Has anyone worked with one of these clockless devices? I believe ARM Amulet is one such device. I think one would be interesting from a tinkering point of view but I'd hate to have to make one work in a system - particularly one with time contraints.

Reply to
Tom Lucas

yes it's possible but the genius hasn't appeared that has implemented it practically yet. we're still waiting on our eistein.

most people know that software can be optimized and made to run in parallel, so enough about that. it's not been done well, but eventually programs will self-modify and approach some sort of theoretical limit. with increasing chip speeds the pressure has not ever been there to make it happen, so nobody has bothered to do the math, etc.

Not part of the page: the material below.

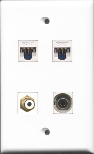RiteAV - 1 Port RCA White and 1 Port 3.5mm 2 Port Cat5e Ethernet White Wall Plate

what most people do NOT know about are the strides being made with fpga's, etc. here, the algorithms leave the realm of software only optimization and enter the world of hardware. the chip itself can change. with an fpga you can actually change the arrangement of logic gates on the chip to create new processors, or modify existing designs, etc, immediately, through software. so, in theory, a self-modifying program could discover that it has a number of tasks that could run in parallel so it modifies it's own hardware to create exactly how many miniature processors it needs to do the job most efficiently.

like i said, the capability is there, but the genius hasn't arrived yet who brings it all together. at the moment it is an untapped resource.